The graph in this final animation seems more varied across the models and slightly wider, therefore likely to play up to three bells but mostly 2. Again the graph rises steeply across the time series from the bottom left to the top right.

Again there is a lot of data in this animation so the recording is over 10 mins.

Summary:

There has been a lot of information to record for this play test, but there are a couple of summary points that might be useful to raise. I have already raised a few questions in the passage of this post already, but these are some more general points.
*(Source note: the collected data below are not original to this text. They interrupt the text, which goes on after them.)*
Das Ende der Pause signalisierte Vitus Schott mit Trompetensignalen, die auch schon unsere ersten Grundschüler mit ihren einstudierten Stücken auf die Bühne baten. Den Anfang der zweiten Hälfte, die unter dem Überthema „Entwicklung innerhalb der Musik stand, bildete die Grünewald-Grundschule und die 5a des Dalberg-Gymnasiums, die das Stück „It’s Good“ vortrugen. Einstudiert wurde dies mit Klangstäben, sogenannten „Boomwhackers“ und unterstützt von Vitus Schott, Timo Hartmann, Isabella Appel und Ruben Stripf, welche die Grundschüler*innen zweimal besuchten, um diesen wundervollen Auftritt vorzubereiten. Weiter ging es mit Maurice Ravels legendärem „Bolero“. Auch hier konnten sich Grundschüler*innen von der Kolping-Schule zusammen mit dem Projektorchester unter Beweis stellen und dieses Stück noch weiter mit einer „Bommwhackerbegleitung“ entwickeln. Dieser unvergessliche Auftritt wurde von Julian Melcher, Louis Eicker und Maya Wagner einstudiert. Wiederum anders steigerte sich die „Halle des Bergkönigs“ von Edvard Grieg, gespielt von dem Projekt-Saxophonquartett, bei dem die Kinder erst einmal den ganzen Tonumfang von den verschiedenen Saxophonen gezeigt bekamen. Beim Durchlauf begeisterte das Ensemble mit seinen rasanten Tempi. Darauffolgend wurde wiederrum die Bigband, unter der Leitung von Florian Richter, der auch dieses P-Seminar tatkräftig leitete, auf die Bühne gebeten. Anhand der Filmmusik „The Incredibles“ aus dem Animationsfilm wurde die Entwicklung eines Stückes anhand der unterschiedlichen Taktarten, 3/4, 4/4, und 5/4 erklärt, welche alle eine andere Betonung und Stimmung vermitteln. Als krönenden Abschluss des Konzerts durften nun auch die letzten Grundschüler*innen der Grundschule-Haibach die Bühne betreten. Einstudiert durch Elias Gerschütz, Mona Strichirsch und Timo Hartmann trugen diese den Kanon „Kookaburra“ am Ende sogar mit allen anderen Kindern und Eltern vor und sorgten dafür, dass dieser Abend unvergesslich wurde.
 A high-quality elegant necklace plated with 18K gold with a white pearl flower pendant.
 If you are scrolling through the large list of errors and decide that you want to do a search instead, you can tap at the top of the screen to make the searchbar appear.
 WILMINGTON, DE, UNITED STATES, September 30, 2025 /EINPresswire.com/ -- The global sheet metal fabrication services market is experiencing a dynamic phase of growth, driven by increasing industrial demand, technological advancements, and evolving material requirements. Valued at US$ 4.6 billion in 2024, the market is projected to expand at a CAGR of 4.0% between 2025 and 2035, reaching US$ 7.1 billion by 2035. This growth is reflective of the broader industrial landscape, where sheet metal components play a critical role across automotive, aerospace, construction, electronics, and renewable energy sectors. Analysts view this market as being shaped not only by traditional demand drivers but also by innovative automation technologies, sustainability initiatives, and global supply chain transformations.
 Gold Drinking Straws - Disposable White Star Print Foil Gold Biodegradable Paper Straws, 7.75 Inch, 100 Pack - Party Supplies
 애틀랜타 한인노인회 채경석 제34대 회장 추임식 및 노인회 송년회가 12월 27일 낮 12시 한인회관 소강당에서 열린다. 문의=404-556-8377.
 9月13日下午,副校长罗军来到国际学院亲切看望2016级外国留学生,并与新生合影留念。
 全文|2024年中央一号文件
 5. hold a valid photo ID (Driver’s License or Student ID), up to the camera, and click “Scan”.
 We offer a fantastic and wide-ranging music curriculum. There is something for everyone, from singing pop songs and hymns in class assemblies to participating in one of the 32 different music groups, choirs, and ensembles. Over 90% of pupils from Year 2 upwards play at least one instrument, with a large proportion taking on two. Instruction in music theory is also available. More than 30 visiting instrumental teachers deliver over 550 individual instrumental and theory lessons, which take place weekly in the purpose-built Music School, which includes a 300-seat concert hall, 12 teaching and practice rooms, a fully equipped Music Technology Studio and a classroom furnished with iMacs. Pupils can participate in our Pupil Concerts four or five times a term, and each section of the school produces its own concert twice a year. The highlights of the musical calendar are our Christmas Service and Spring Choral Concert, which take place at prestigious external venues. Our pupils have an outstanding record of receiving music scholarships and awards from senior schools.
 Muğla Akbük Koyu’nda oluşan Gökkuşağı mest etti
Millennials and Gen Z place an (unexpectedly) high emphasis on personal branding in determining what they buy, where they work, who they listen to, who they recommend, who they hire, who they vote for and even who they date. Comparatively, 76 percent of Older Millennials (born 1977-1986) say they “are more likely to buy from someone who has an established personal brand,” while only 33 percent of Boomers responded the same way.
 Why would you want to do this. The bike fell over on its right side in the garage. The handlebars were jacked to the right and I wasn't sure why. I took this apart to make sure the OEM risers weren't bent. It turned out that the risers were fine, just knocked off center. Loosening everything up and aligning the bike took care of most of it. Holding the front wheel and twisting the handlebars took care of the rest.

  • This kind of animation plays the BellHouse in a particular way because of the left to right way that the colour changes across the sampler through time. So it makes a particular pattern of play, especially over several animations which set a pattern that can be listened for.
  • Because of the pattern of the blue and grey graphs, (blue below the grey), you can hear the blue graph often in the larger, lower toned bells, which are represented in the lower part of the sampling grid. The grey graph, because it normally is higher than the blue, generally plays smaller, higher toned bells.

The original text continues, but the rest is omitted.